The division and its reasons
In 2011, Alibaba spun off its financial subsidiary Alipay. The reason was quite pragmatic: the authorities had applied for a Chinese banking license. For Alibaba that was a desperate venture at the time, as the group had two large foreign anchor shareholders with Softbank (Japan) and Yahoo (US).
First, the financial subsidiary was called Alibaba e-Commerce, then Ant Small and Micro Financial Services, and finally just Ant Group, which has long been much more than a payment processor.

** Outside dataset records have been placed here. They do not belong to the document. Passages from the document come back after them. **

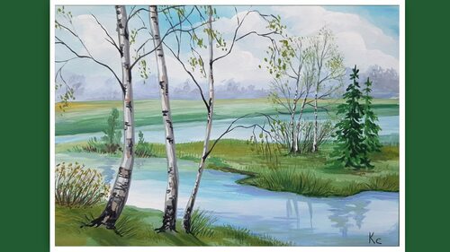 А что если мы сольем все весенние элементы вместе и нарисуем весенний пейзаж? Возьмите лист бумаги и карандаш, и начинайте рисовать весенний пейзаж.
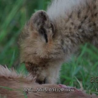 Cheetah Cub laying down, walking to the carcass and feeds on the remaining.
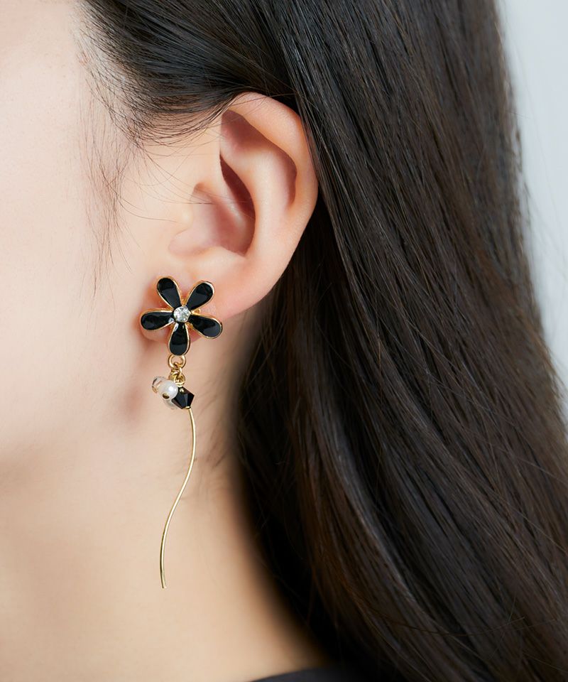 黒い花モチーフの下でS字ワイヤーが軽やかに揺れるエレガントなピアス。
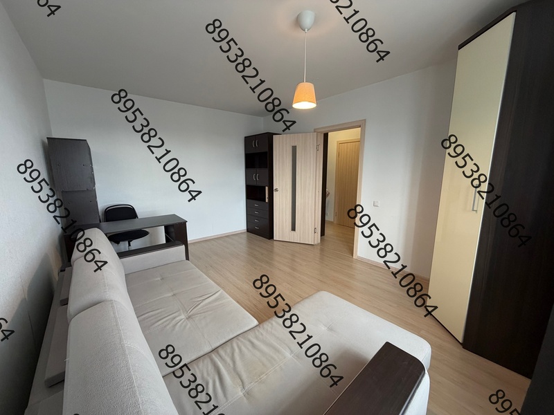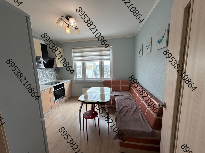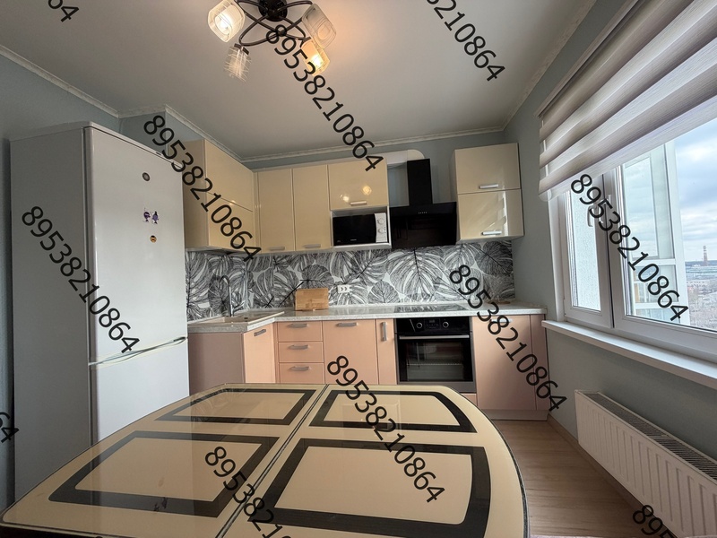 Квартира на 9-м этаже. Из мебели кухонный гарнитур со встроенной техникой, духовой шкаф, варочная поверхность, и вытяжку. Шкаф купе, кровать с матрасом, стол и стулья 3 штуки. Комод. Стиральная машина.
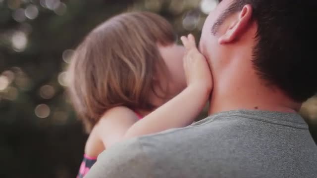 > A father holding his daughter outside
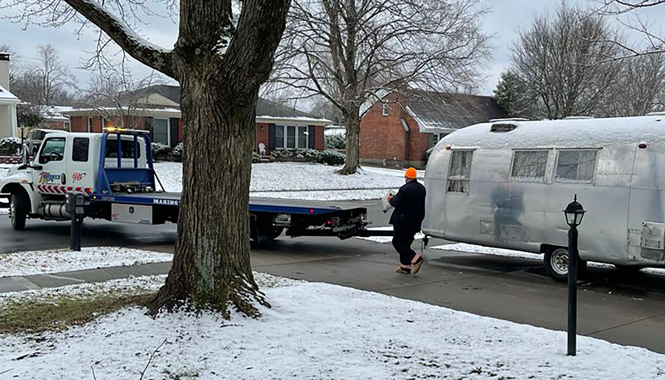 Auf dem Bild wird gerade ein Airstream auf einen Autotransporter verladen. Das Fahrgestell ist zu marode, als dass wir einen Transport auf Achse zum Hafen hätten riskieren können.
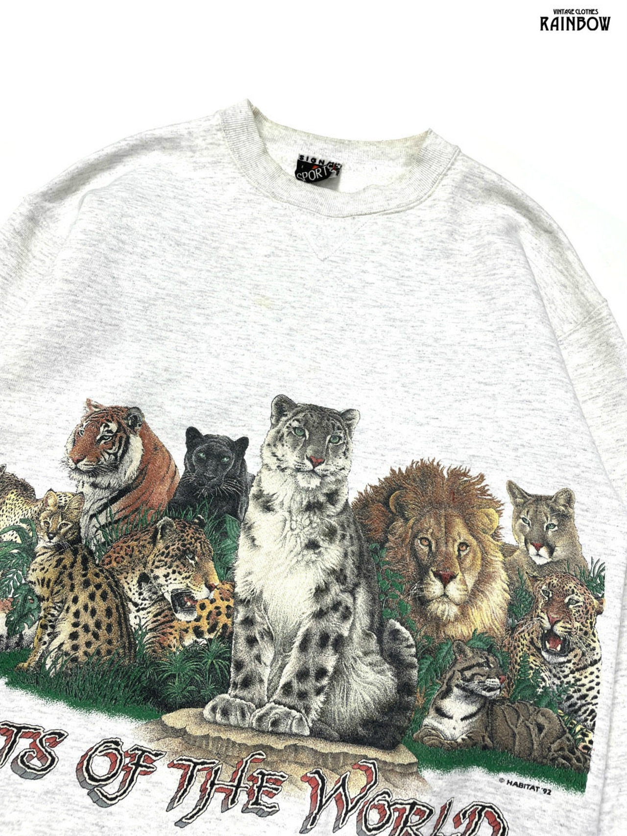 古着 SIGNAL SPORTS CATS OF THE WORLD アメリカ製 プリント アニマル バックプリント 長袖 スウェット トレーナー ライト グレー (ttu2510049) | 古着屋RAINBOW
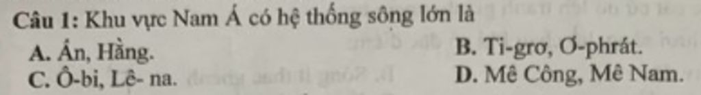 Câu 1: Khu vực Nam Á có hệ thống sông lớn là A. Ấn, Hằng. B . Ti-gro, O-phrát. C. Ô-bi, Lê-na.
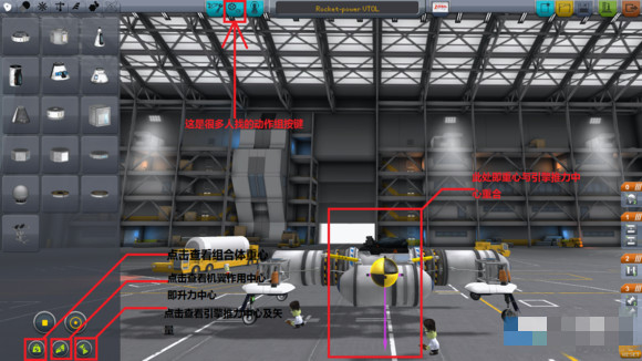 垂直起降,首先,飞行器需要垂直起飞,那么我们必须将起飞引擎的推力中心和飞行器的重心竖直方向对齐或重合,即游戏中黄球和红球见下图
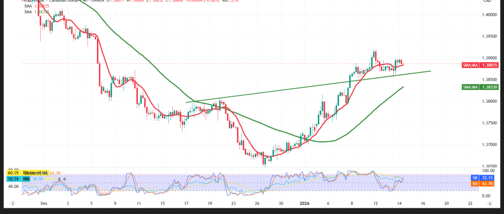 As long as price remains above the immediate 1.3850 support — and more importantly above the broader 1.3800 zone — the upward trajectory remains valid. A break above 1.3900 would likely accelerate gains toward 1.3940, with scope for extension toward 1.3970.

Ant Financial is the most important sales channel for financial products in China, providing consumer loans that can be booked on the smartphone in no time. Ant Financial also manages loans for small and medium businesses. This is attractive to all those entrepreneurs who do not get money from state banks.
The gap in the market
China’s big money houses are not actually real banks – state pawnshops at best. The authorities inform the institutes exactly how much they can lend each month. Therefore, in order not to get into trouble and to keep administrative costs as low as possible, many banks prefer to grant their loans to state-owned companies. This takes a lot of money at once, and if necessary, the state is liable anyway.
The middle class, the true backbone of the Chinese economy, on the other hand, hardly receives any loans and sometimes has to refinance with shady shadow banks that charge significantly more interest. Ant Financial now makes 5 percent of all loans to midsize businesses. The market share of consumer loans is 15 percent.
Tight controls on Chinese capital prevent Ant Financial from gaining a foothold around the world.
Parent company Alibaba had chosen the New York technology exchange in 2014 for its own initial listing. Meanwhile, however, relations between the People’s Republic and the United States have deteriorated dramatically. That should be a major reason why Ant Financial is not listed on Wall Street, but in Hong Kong and Shanghai.
Otherwise, Ant Financial’s business is heavily focused on China. Here and there you can pay abroad with Alipay, but this offer is mainly aimed at Chinese tourists. Tight controls on Chinese capital prevent Ant Financial from gaining a foothold around the world. According to the law, each citizen can only import or export the equivalent of $ 50,000 a year. There is great fear in the apparatus that large sums of money will leave the country and the economy will lose its liquidity.